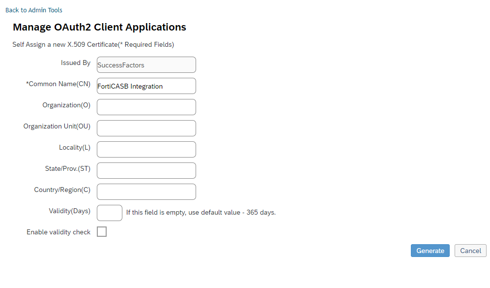 - In "Self Assign a new X.509 Certificate" page, enter a Common Name for the certificate, and click Generate.
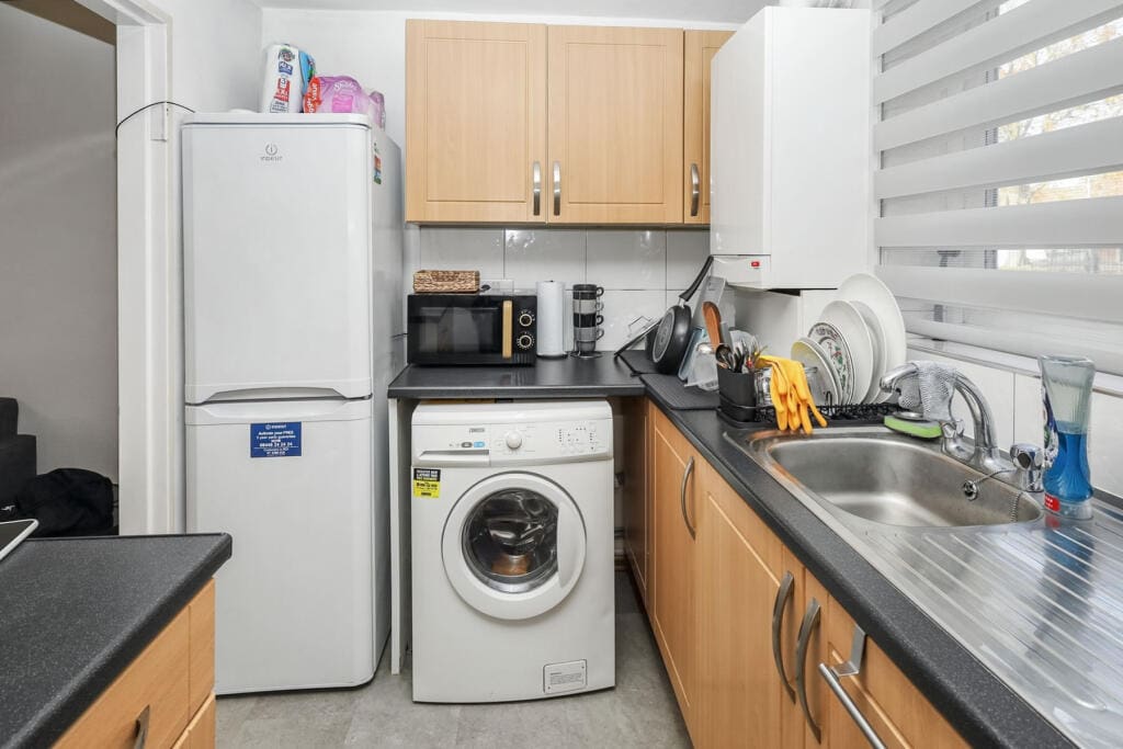 The interior of this well presented property comprises a spacious living and dining area and fitted kitchen, as well as the 1 bedroom and the family bathroom.
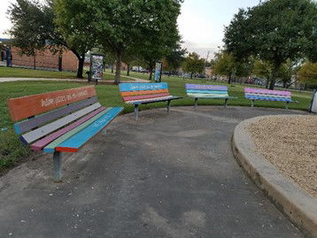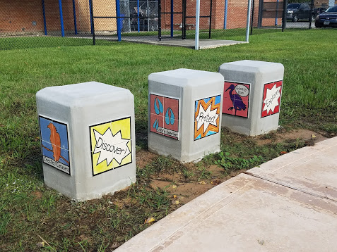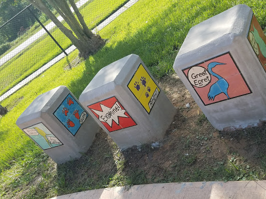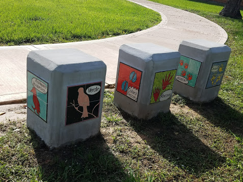 Six concrete seats along the jogging trail bear silhouettes and footprints of animals native to Texas lands.
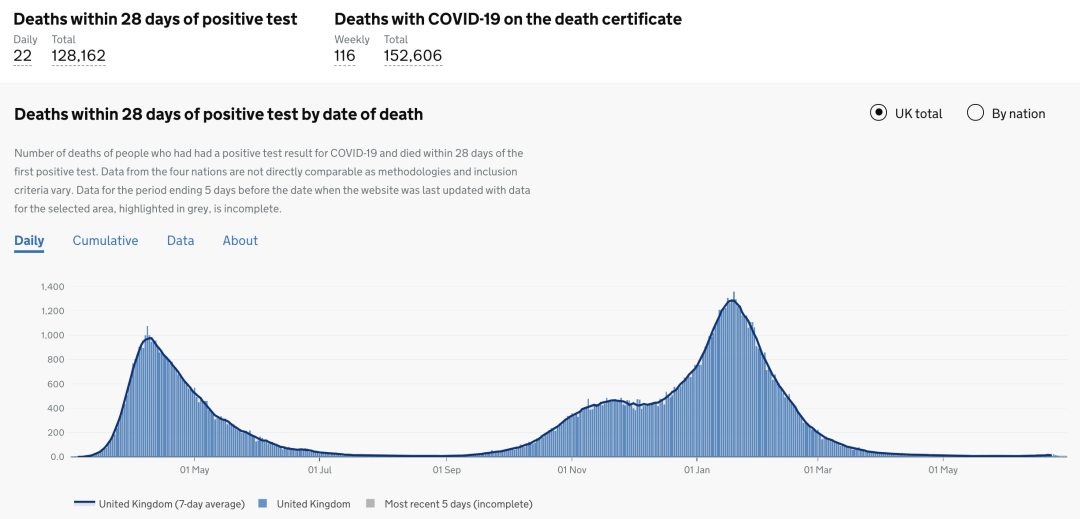 死亡病例数仍保持在较低水平 | 图片来源Gov.uk

### PROMPT
What is needed is an exact restatement of the lines from the line with "Six concrete seats" through the final line of the data, pictures excluded.

### SOLUTION FOR THIS PROBLEM
 Six concrete seats along the jogging trail bear silhouettes and footprints of animals native to Texas lands.
 死亡病例数仍保持在较低水平 | 图片来源Gov.uk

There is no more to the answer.